The NorCross programme team will have the following responsibilities:
- To review TOR and make recommendations.
- To ensure that the implementation process meets the standards of quality and apply the procedures outlined in the SOPs for Quality Assurance and Ethical Standards in NorCross
- To review implementation reports and final reports to ensure they meet NorCross’ quality assurance and ethical standards.
- To provide technical advice and support to the implementation of activities
- To provide funding for implementation
- To provide final approval and sign off work done.
1.7 Quality Monitoring
- This assignment will be monitored by a working committee comprising of the Norwegian Red Cross and Somalia Red Crescent Society
- The consultant will conduct briefings to the working committee before starting the assignment to discuss expectations.
- The consultant will organize regular progress calls/meetings with Norcross to provide updates on activities and progress.
The technical consultant/consulting firm is expected to sign a contract with Norcross around 1st March 2023. The implementation of the assignment is expected to be finalized no later than the end of September 2023.
Consultant’s input days:
1 Day Inception meeting
1 days Review of the assessment report
4 Days Interpreting the recommendations of the assessment report into technical specifications (for equipment and fittings) and BoQs for construction.
1 Day Review of the draft Tender documents (for equipment and procurement of works)
2 days technical bid evaluation
6 days Development of maintenance guidance materials in consultation with contractors and support associated trainings to clinic staff.
10 days Supervision/monitoring of works, preparation of progress and completion reports and project handover as well as project review meeting.
1.9 Profile of the consultant
A Consultant/Expert with the following profile will carry out the assessment:
- Advanced University degree in Public Health Engineering or related discipline
- Proven previous experience in humanitarian contexts implementing WASH and greening infrastructure rehabilitation.
- A high level of organizational and coordination skills and willing to travel to and stay in various parts of Somalia.
- At least 5 years of field experience in developing countries.
- Excellent report writing, communication and presentation skills.
- Understanding of regional context is desirable.
- Fluency in English. Working proficiency of Somali is an asset.
SOMALIA COUNTRY BRIEF.docx (sharepoint.com)
SOMALIA COUNTRY BRIEF.docx (sharepoint.com)
Partnership Memo Somali Red Crescent Society 09012017.docx (sharepoint.com)

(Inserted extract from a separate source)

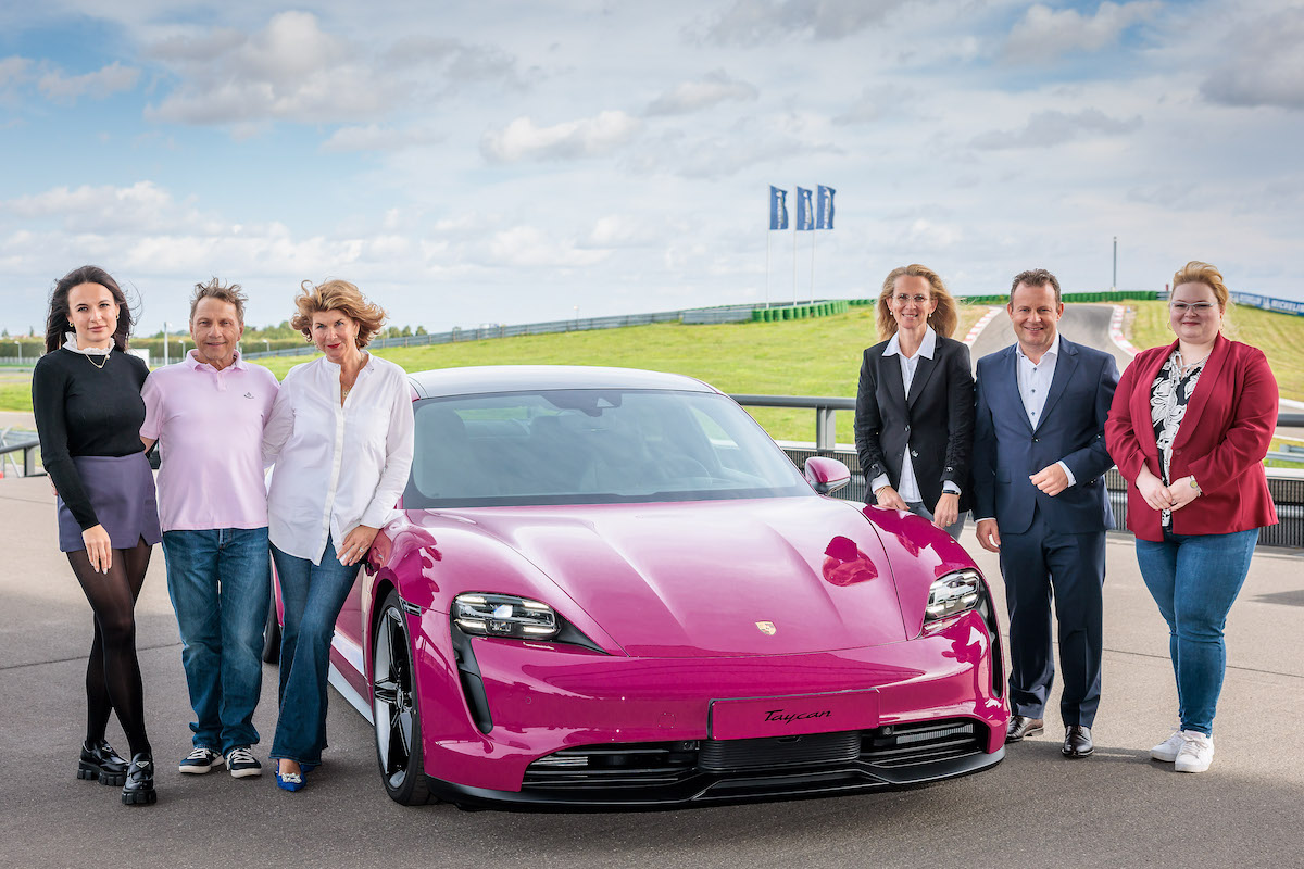 Bild: Maxi Fenger, Richy Müller, Vivian Honert-Boddin, Dr. Claudia Nerius, Gerd Rupp und Sophia Hoffmann (v.l.n.r.) vor dem diesjährigen Hauptpreis der Spendentombola zugunsten der Stiftung „Leipzig hilft Kindern“: ein Porsche Taycan in der Farbe „Sternrubin“.

Scoping Study of WASH in Schools (WinS) Programming in Eastern and Southern Africa
 Greening health systems, Expert Meeting Report, August 2013 World Health Organisation
 The 8 healthcare facilities include 7 SRCS clinics and 1 physical rehabilitation center in Mudug region
How to apply
Proposals from bidders should be submitted in two distinct parts, namely technical proposal and financial proposal and these should be in two separate folders, both of which should then be sent via email
PRF11458 – Consultancy Services for the Implementation of Water, Sanitation, and Hygiene (WASH) and Environmental Impact Assessment in Eight Health Facilities (HFs) in Mudug Region, Somalia.
The two separate inner envelopes should be clearly marked “Technical Proposal”, and “Financial Proposal”, respectively, and should bear the name of the Bidder.